• Saved data entries
================

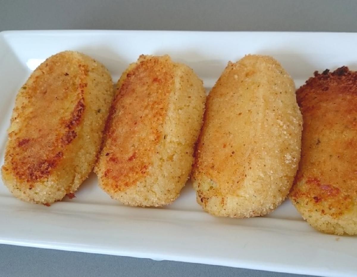 Tomamos una porción con la ayuda de una cuchara y hacemos bolitas del mismo tamaño. Las pasamos por harina, luego por el huevo batido y por último el pan rallado. Colocamos las bombas en una placa y lo dejamos en la nevera por media hora tapado con film.
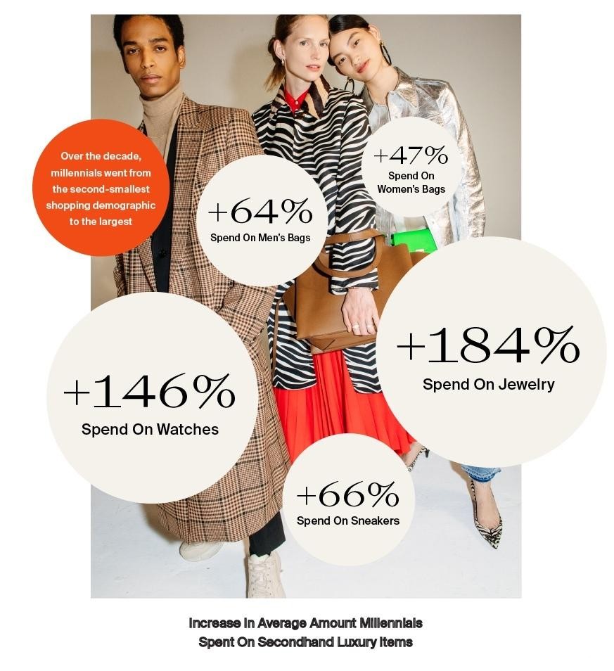 随着年龄增长,千禧一代逐渐成为奢侈品转售行业的主力,他们最钟爱的二手商品为珠宝和腕表,其中在二手珠宝产品上的支出增长了184%,在二手手表产品上的支出增长了146%。
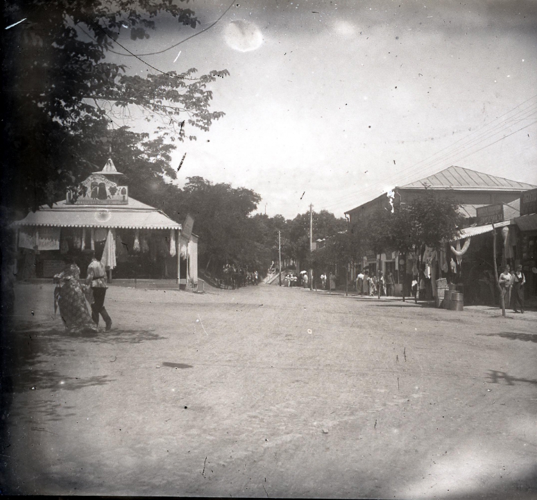 Наталия Павловна Дурдина с матерью и неизвестными женщинами у лестницы перед домом
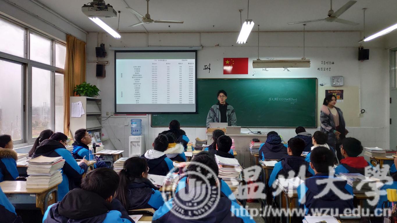 为了弘扬爱校精神,积极宣传推介母校,同时也为提高学生的社会实践能力,加强在校学生与中学母校的联系,我院现开展“感恩母校行•共筑成长梦”寒假回访母校社会实践活动。在凛凛寒冬假日里,我院优秀学子组成10余支回访队伍,回访范围覆盖到温州、宁波、衢州、绍兴、丽水、临安、台州、海宁、义乌等省内10余个市,怀着赤诚之心回访高中母校,深入班级,向广大高中学子详细介绍温大情况、分享学习经验。
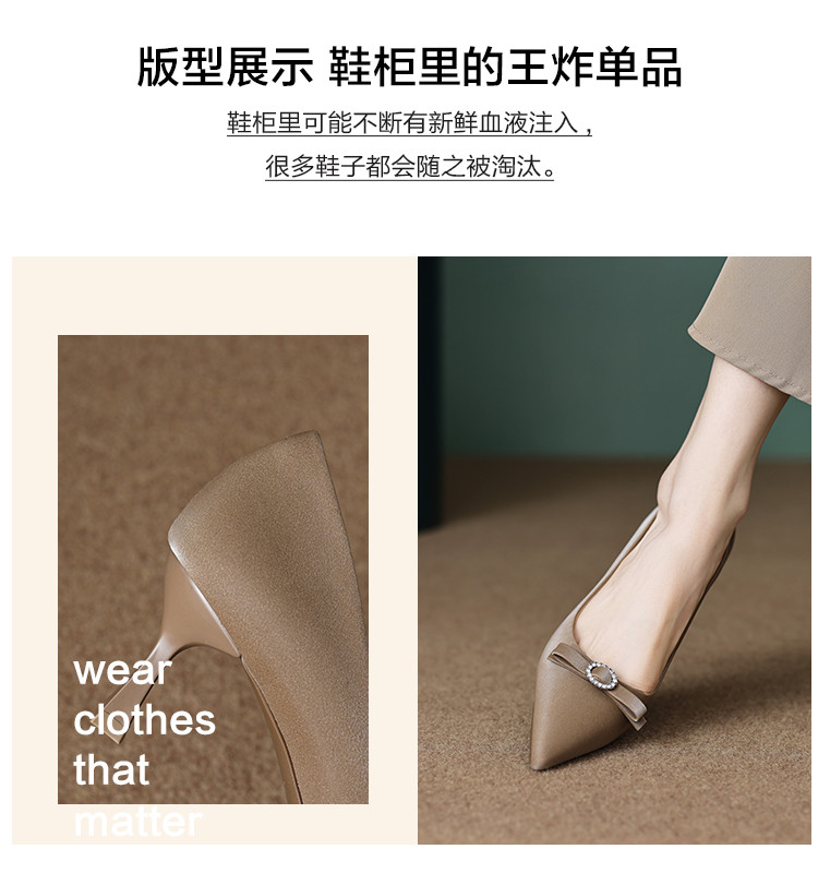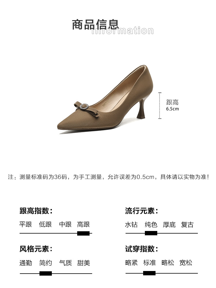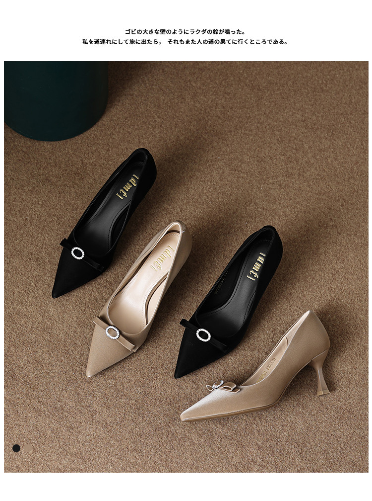 商品名称:2024秋季简约百搭温柔气质高级感纯色水钻蝴蝶结显高女单鞋 161473

================

• WORK TO BE COMPLETED
An exact copy of the entries above is needed, with the pictures removed.

• RESPONSE FOR THIS EXERCISE
 Tomamos una porción con la ayuda de una cuchara y hacemos bolitas del mismo tamaño. Las pasamos por harina, luego por el huevo batido y por último el pan rallado. Colocamos las bombas en una placa y lo dejamos en la nevera por media hora tapado con film.
 随着年龄增长,千禧一代逐渐成为奢侈品转售行业的主力,他们最钟爱的二手商品为珠宝和腕表,其中在二手珠宝产品上的支出增长了184%,在二手手表产品上的支出增长了146%。
 Наталия Павловна Дурдина с матерью и неизвестными женщинами у лестницы перед домом
 为了弘扬爱校精神,积极宣传推介母校,同时也为提高学生的社会实践能力,加强在校学生与中学母校的联系,我院现开展“感恩母校行•共筑成长梦”寒假回访母校社会实践活动。在凛凛寒冬假日里,我院优秀学子组成10余支回访队伍,回访范围覆盖到温州、宁波、衢州、绍兴、丽水、临安、台州、海宁、义乌等省内10余个市,怀着赤诚之心回访高中母校,深入班级,向广大高中学子详细介绍温大情况、分享学习经验。
 商品名称:2024秋季简约百搭温柔气质高级感纯色水钻蝴蝶结显高女单鞋 161473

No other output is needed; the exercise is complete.